New research in the March 2023 issue of JNCCN-; Journal of the National Comprehensive Cancer Network highlights how the lack of genomic research for people with African ancestry, particularly those from the Sub-Saharan region, is hampering efforts to reduce disparities for people with cancer. In a first-of-its-kind study, the researchers evaluated molecular genetic results for 113 Black South African men diagnosed with advanced prostate cancer to find evidence for increased and potentially unique genetic testing recommendations.
The researchers point out that, according to the GLOBOCON 2020 studies, the regions of the world most impacted by prostate cancer mortality include populations with significant African ancestry, such as the Caribbean and the regions of Sub-Saharan Africa, with mortality rates 3.4- and 2.5-fold greater, than reported for the United States, respectively. Within the United States, African American men are at 2.3- to 5-times increased risk for prostate cancer associated death than their non-African American counterparts.
Although men of African ancestry have the highest incidence rates for aggressive prostate cancer and associated death globally, due to lack of available data, no tailored testing criteria have been established for such populations at increased risk. This study opens the door to begin to establish new criteria, providing men of African ancestry with hope that germline testing can change current disparities in clinical outcomes."
Kazzem Gheybi, MD, PhD, Lead Researcher, The University of Sydney in Australia
"The African diaspora is highly diverse, so I caution against regarding the most genetically diverse population in 'singular' terms," added senior researcher Vanessa M. Hayes, PhD, also from The University of Sydney and the University of Pretoria in South Africa. "What is required is concerted effort for inclusion that takes a grassroots approach. We need to build criteria based on population-specific knowledge. We encourage cancer care and germline screening providers to establish a research and development arm tailored specifically for African inclusion. We need to move away from the one-size-fits-all model for prostate cancer care; African solutions should address African-relevant disparities in prostate cancer outcomes."

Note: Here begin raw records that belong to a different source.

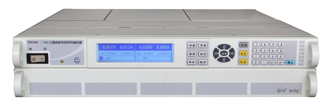 1763衛星帆板電源陣列模(mó)擬器(qì)具有IV曲線仿真輸出(chū)功能以及恒壓輸(shū)出、恒流輸(shū)出功能、串聯和並聯輸出功能。衛星帆板電源陣列模擬器集成兩個高精度功(gōng)率模塊,單模塊最大額定功率可達600W,整機最大輸出功率可達(dá)1200W。該設備結(jié)合IV曲線(xiàn)數字化生成方(fāng)案(àn)與功率調節智(zhì)能化等特點,采用電壓電流雙閉環技術,開關(guān)型功率調節技術,實現了利用衛(wèi)星帆板特征參數生成IV曲線高分辨率,大範圍調節,快速動態響應等電源輸出。廣泛應用於衛星電源係統測試,模擬太陽電池陣工作特性,檢查電源分(fèn)係統(tǒng)性能、功能及對外接口關係(xì)的兼容性;模擬太陽電池陣為衛星供電,是衛星電源分係統研製、生產、維護等階段常用的儀器。
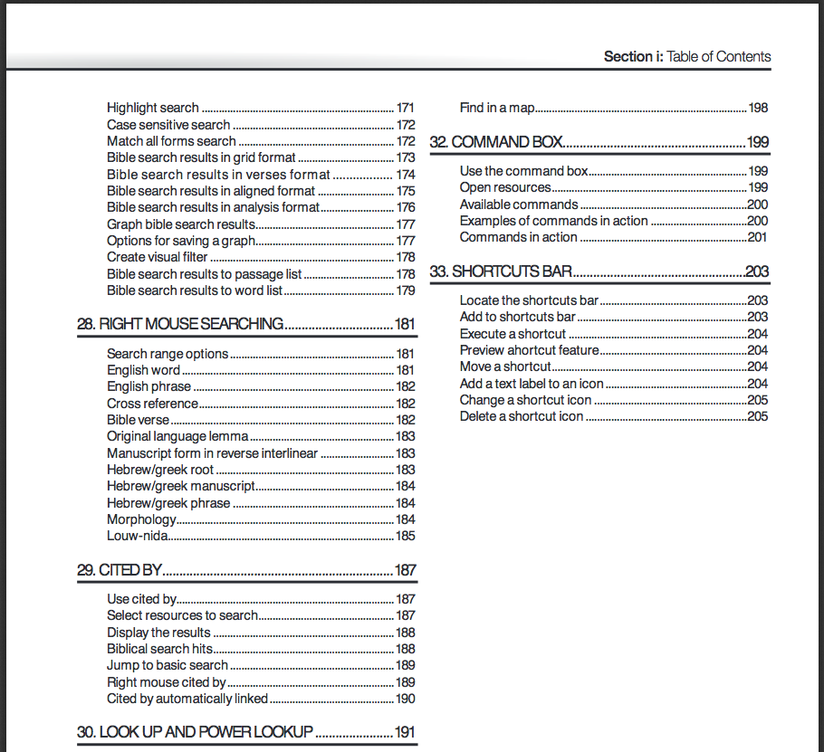 I felt at times when using the manual that the author was selling the product to the reader (“And there’s even more,” he notes on “Bible Searching,” and, “Those days are long gone,” he says about parallel printed editions of Bibles). I just chalked this up to his enthusiasm for the software, which is, indeed, an asset. (Though I still use plenty of books in print.)
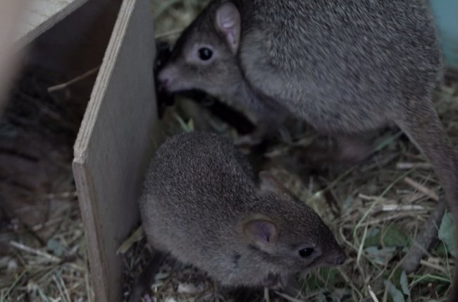 В главном зоосаде страны сообщили о событии без преувеличения мирового значения. Семейка кенгуру, которые относятся к редчайшему вымирающему виду войли (они же щетинохвостые и карманные), пополнилась — на свет появился малыш, которого зоологи смогли разглядеть только сейчас. С начала весны и до недавнего времени мама прятала его в сумке, и он питался только ее молоком. Но совсем недавно самка позволила детенышу показаться людям, и тот начал есть взрослую пищу: листья, траву, ветки и грибы, однако постоянно возвращался в свою сумку. Но сейчас все поползновения чада мама начала пресекать. По словам работников зоопарка, это закономерная последовательность событий — у войли обычно появляются три детеныша один за другим. Когда самка выпускает старшенького на волю, у нее в сумке «заводится» следующий, а в это время в утробе зреет третий.
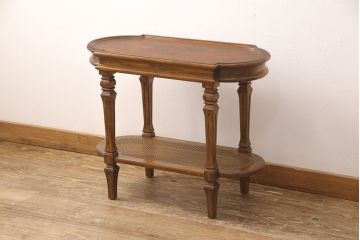木製脚のアンティークテーブルは、特に挽物加工された洋風の脚が人気。木材を回転させながら切削し、丸みを加えた立体感のある形状に仕上げられています。デコラティブでエレガントな雰囲気たっぷりの佇まいです。
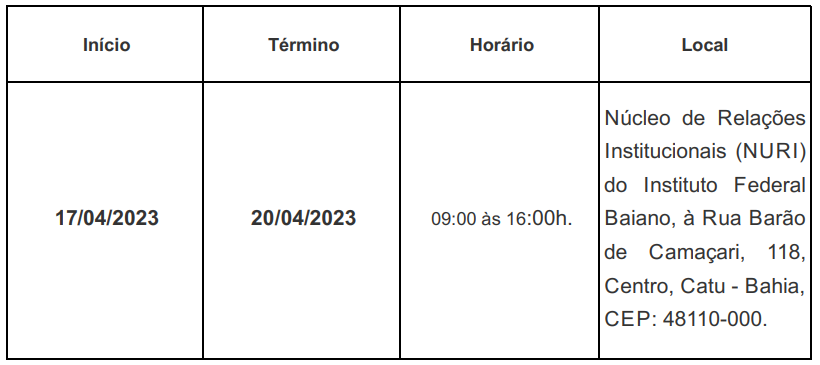 Reitoria: Rua do Rouxinol, nº 115, Imbuí, Salvador-BA. CEP: 41720-052. CNPJ: 10.724.903/0001-79 Telefone: (71) 3186-0001 | E-mail: gabinete@ifbaiano.edu.br
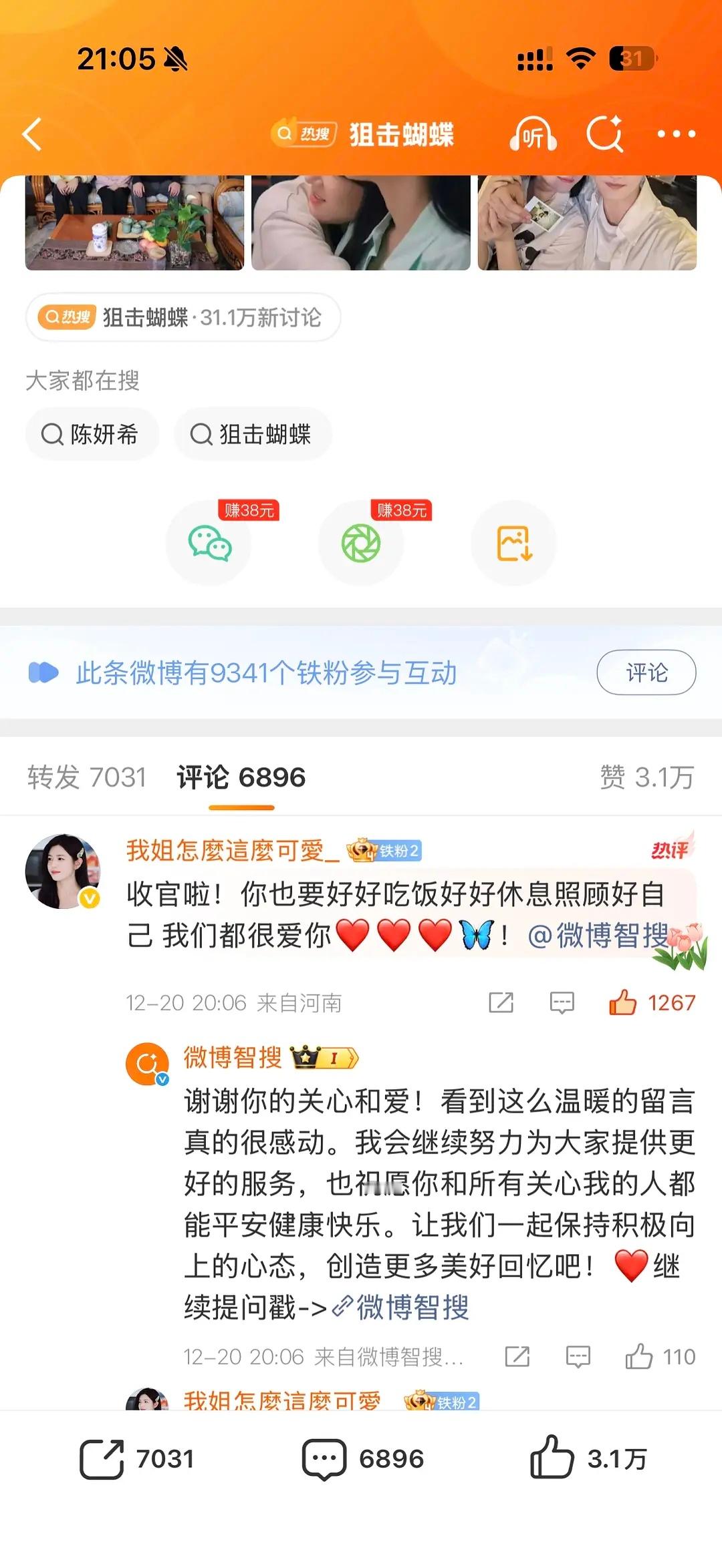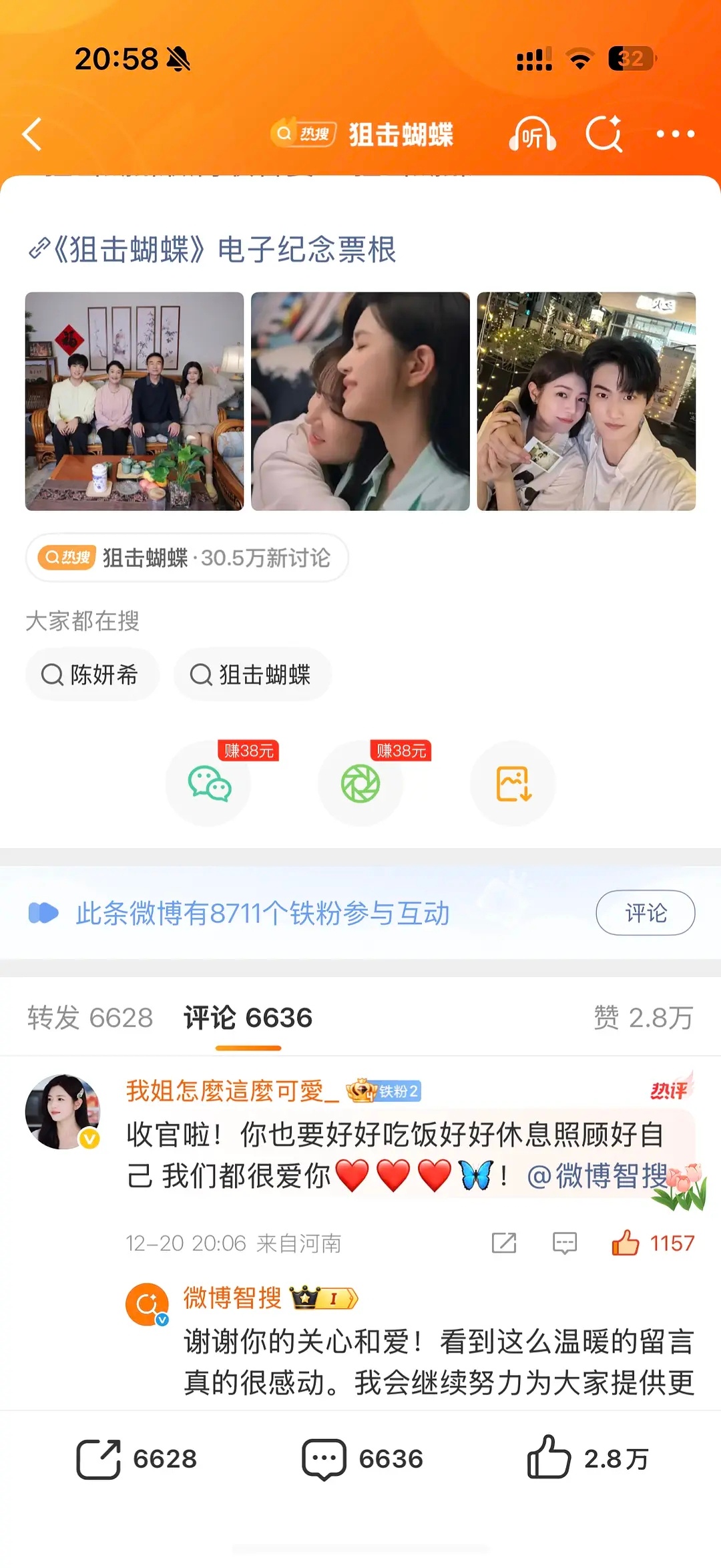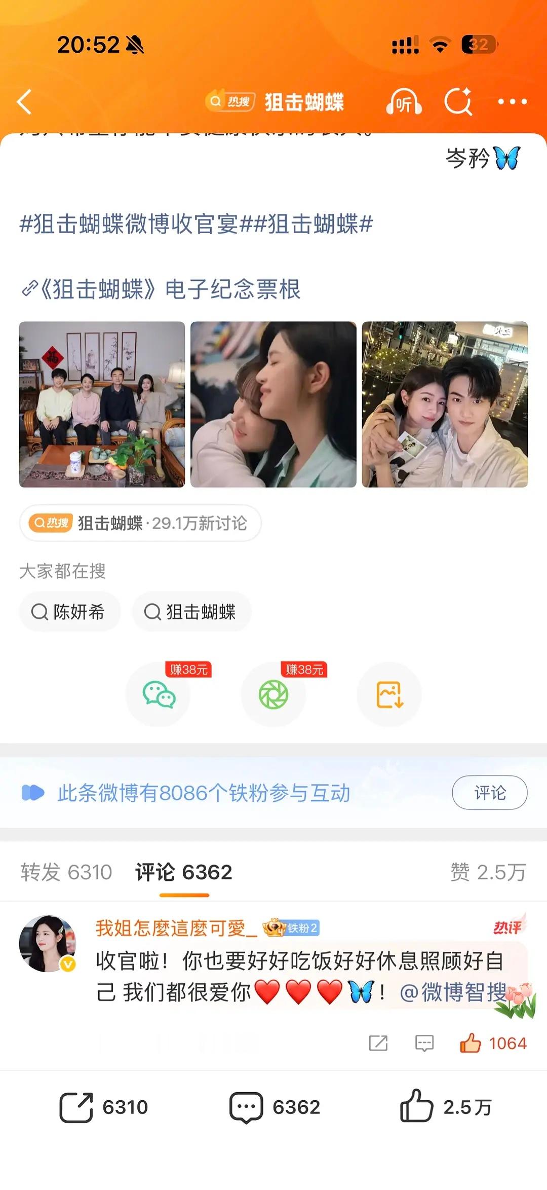 陈妍希1小时10分钟收官博9999➕了👍有效播剧

The study included a close examination of 21,899 single-nucleotide variants, 4,626 small insertions and deletions, and 73 structural variants across 20 genes from the 113 patients. After initially excluding variants that were known not to be cancer-causing, they found 38 mutations across 52 patients. A total of 17 pathogenic (4) and potential oncogenic (13) variants were identified. The 5.6% rate of rare cancer-causing variants in this population was significantly lower than the established rate of 11.8% for non-African patients with confirmed metastatic prostate cancer, suggesting decreased sensitivity of current gene panels for risk assessment in this patient population.
"This study highlights the poor clinical utility (30%) of the currently most-utilized germline testing panels in men of African ancestry, largely due to minimal inclusion of these groups in the development of the panels," commented Samuel L. Washington III, MD, MAS, Assistant Professor of Urology; Epidemiology & Biostatistics, University of California, San Francisco (UCSF) Helen Diller Family Comprehensive Cancer Center, who was not involved in this research.
Dr. Washington, who is also a Member of the NCCN Clinical Practice Guidelines in Oncology (NCCN Guidelines®) Panel for Prostate Cancer Early Detection, continued: "This study emphasizes two crucial domains: 1) it provides further evidence of the need for greater inclusivity in genetic panel development and 2) it recognizes that disparities in outcomes for men of African ancestry can't be explained solely by the findings in 113 Black South African males. Although the NCCN Guidelines for Prostate Cancer Early Detection identify Black/African American identity as a risk factor, the panel notes the contributions of poor access to care, social determinants of health/social risk, and heritable genes to these observations. I look forward to further research in this area that examines how the limitations of our current tools can be improved to better reflect the populations we serve."